■ AIM OF THE TASK ■
For this exercise, repeat the whole listing below exactly. Leave the pictures out.

■ SOURCE DATA ■
######
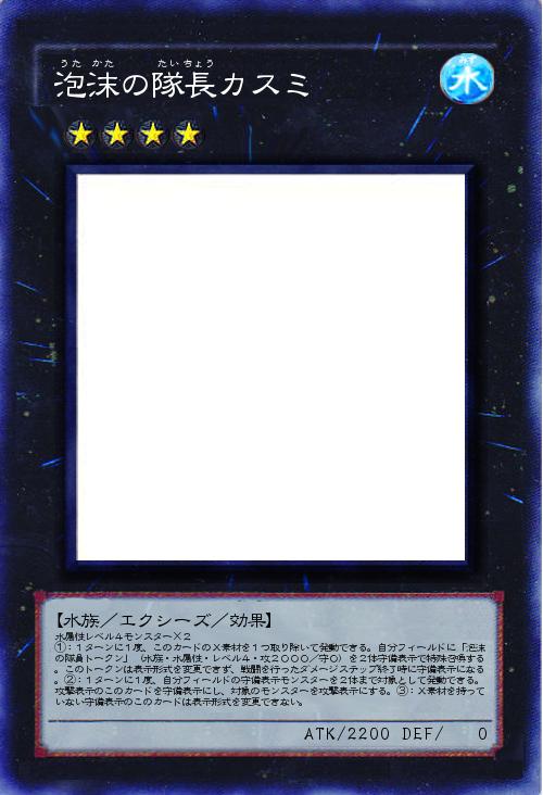| 水属性レベル4モンスター×2 ①:1ターンに1度、このカードのX素材を1つ取り除いて発動できる。自分フィールドに「泡沫の隊員トークン」(水族・水属性・レベル4・攻2000/守0)を2体守備表示で特殊召喚する。このトークンは表示形式を変更できず、戦闘を行ったダメージステップ終了時に守備表示になる。②:1ターンに1度、自分フィールドの守備表示モンスターを2体まで対象として発動できる。攻撃表示のこのカードを守備表示にし、対象のモンスターを攻撃表示にする。③:X素材を持っていない守備表示のこのカードは表示形式を変更できない。 | |||
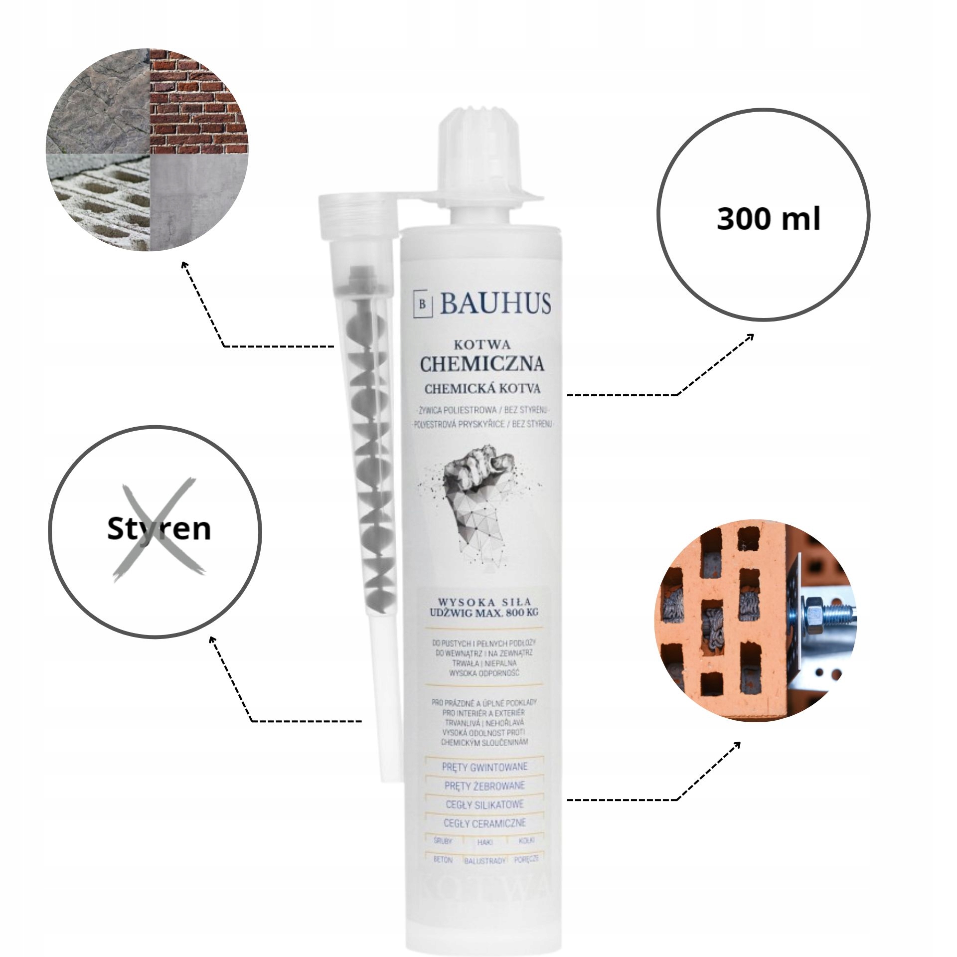 Хімічний анкер бренду Bauhus складається з поліефірної смоли без вмісту стиролу. Ця двокомпонентна система хімічного кріплення, яка швидко затвердіє, забезпечує міцний, хімічно стійкий анкер після затвердіння.
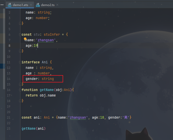 在 TypeScript 中,ani 虽然多了一个 gender 属性,但由于它包含 Ani 接口所需的全部字段,因此可以顺利通过类型检查:
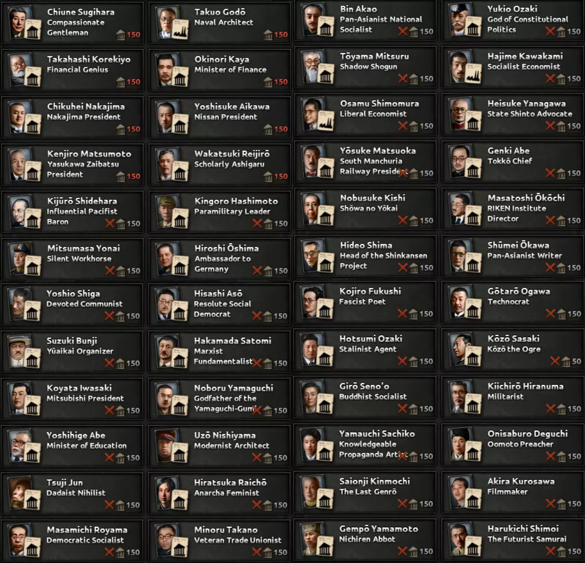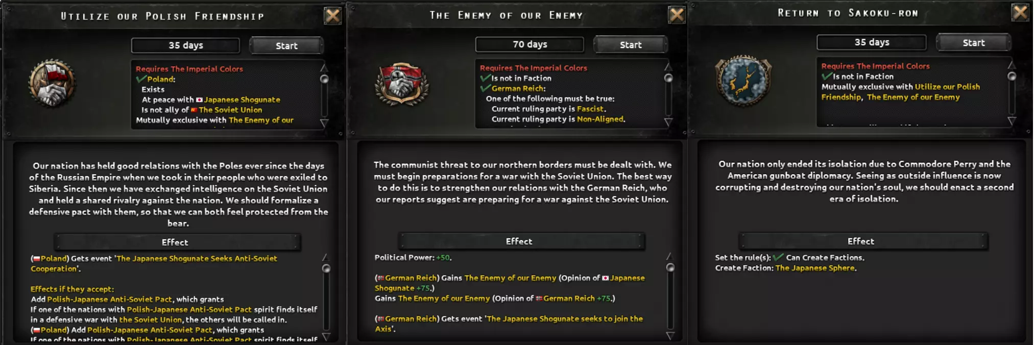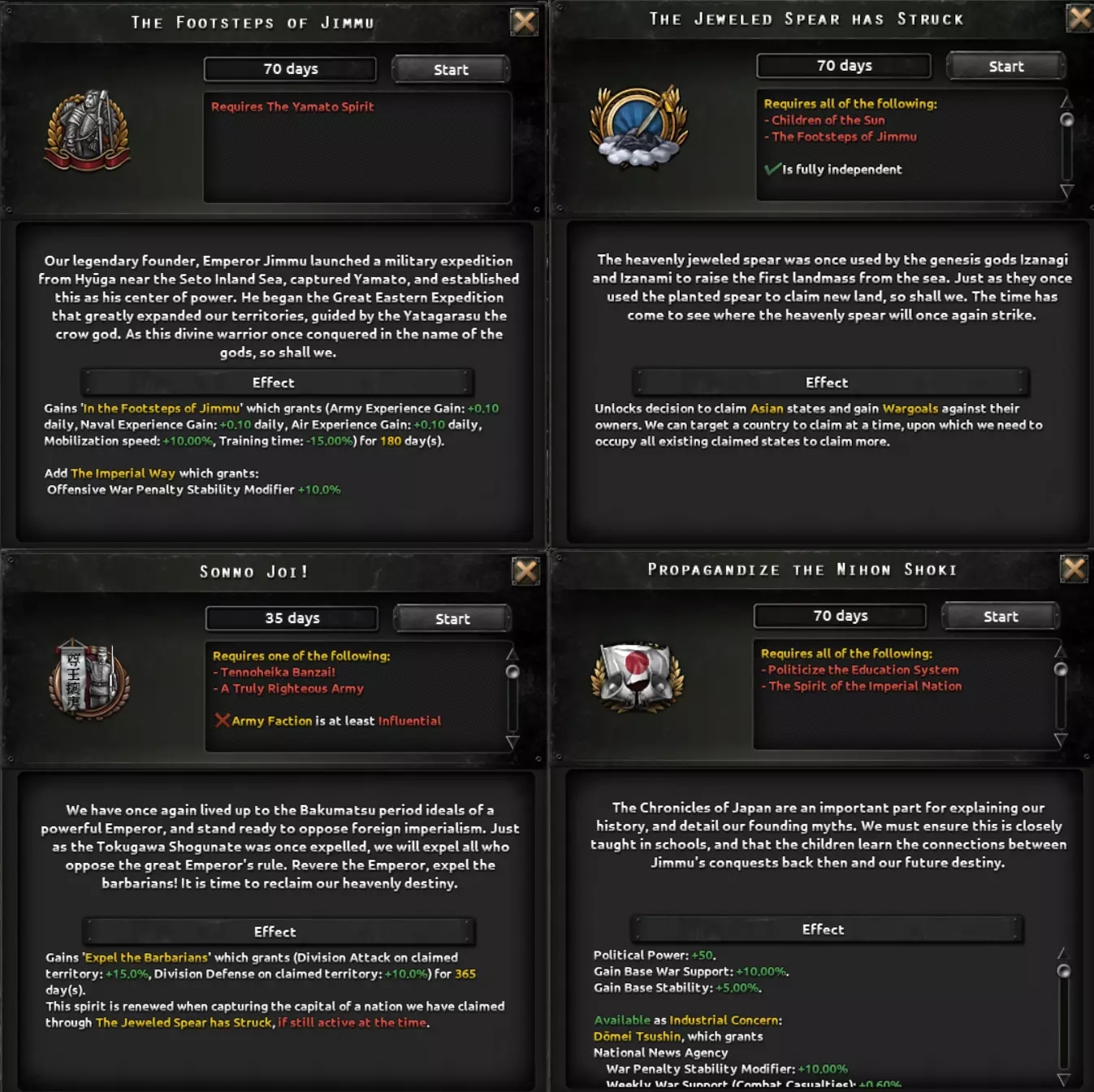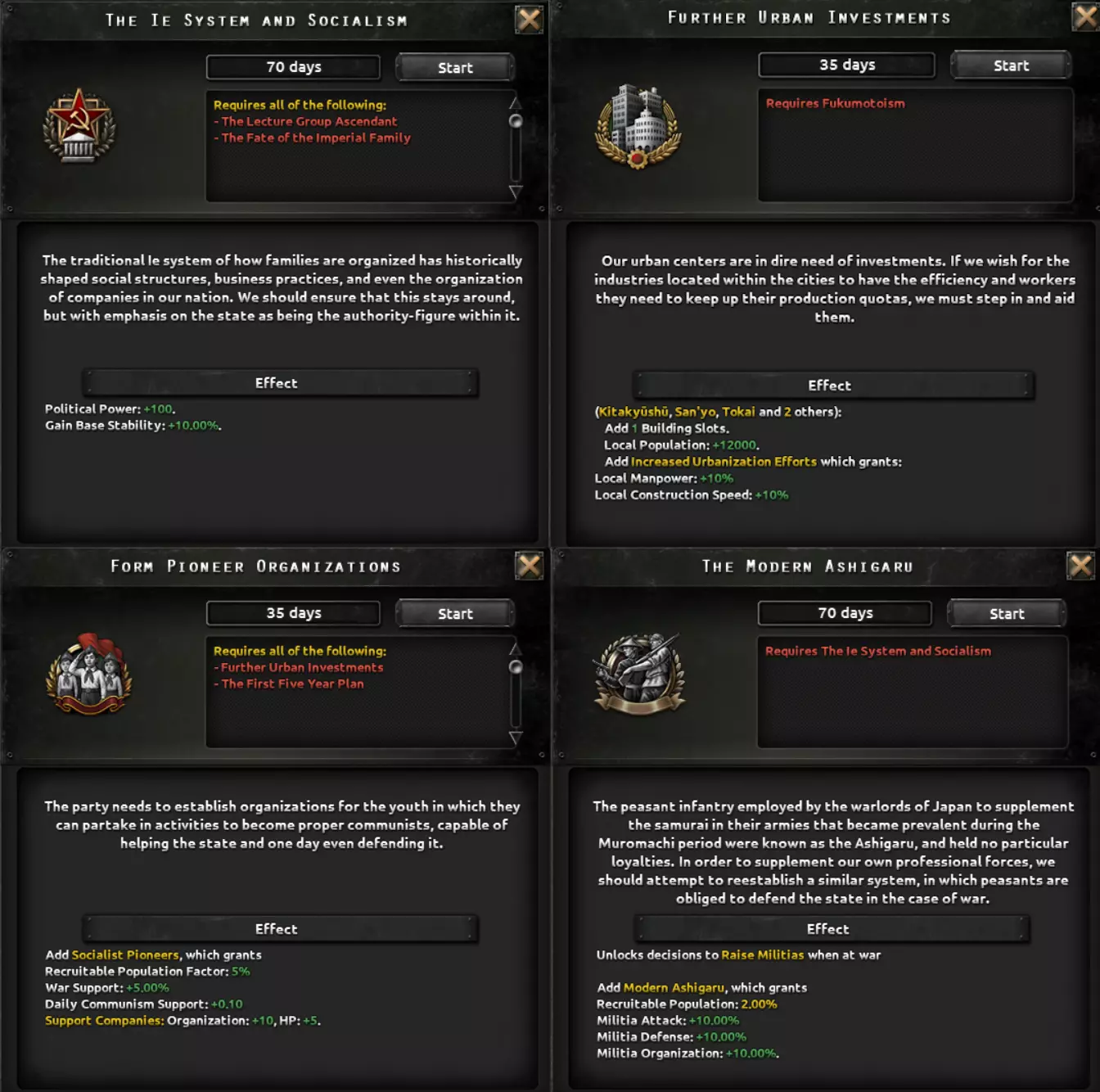 这两条路径都包含一个子分支,涉及对一个深陷帝制与封建制度数百年的社会进行重组。该分支要处理君主制问题、明治时期崛起的寡头势力、投靠军国主义者的叛徒以及落后的教育体系,最终形成以强大工业为核心的发展方向,这将提供足够的追赶动力,以弥补其失去的时间。
######
■ EXERCISE OUTPUT ■
| 水属性レベル4モンスター×2 ①:1ターンに1度、このカードのX素材を1つ取り除いて発動できる。自分フィールドに「泡沫の隊員トークン」(水族・水属性・レベル4・攻2000/守0)を2体守備表示で特殊召喚する。このトークンは表示形式を変更できず、戦闘を行ったダメージステップ終了時に守備表示になる。②:1ターンに1度、自分フィールドの守備表示モンスターを2体まで対象として発動できる。攻撃表示のこのカードを守備表示にし、対象のモンスターを攻撃表示にする。③:X素材を持っていない守備表示のこのカードは表示形式を変更できない。 | |||
 Хімічний анкер бренду Bauhus складається з поліефірної смоли без вмісту стиролу. Ця двокомпонентна система хімічного кріплення, яка швидко затвердіє, забезпечує міцний, хімічно стійкий анкер після затвердіння.
 在 TypeScript 中,ani 虽然多了一个 gender 属性,但由于它包含 Ani 接口所需的全部字段,因此可以顺利通过类型检查:
 这两条路径都包含一个子分支,涉及对一个深陷帝制与封建制度数百年的社会进行重组。该分支要处理君主制问题、明治时期崛起的寡头势力、投靠军国主义者的叛徒以及落后的教育体系,最终形成以强大工业为核心的发展方向,这将提供足够的追赶动力,以弥补其失去的时间。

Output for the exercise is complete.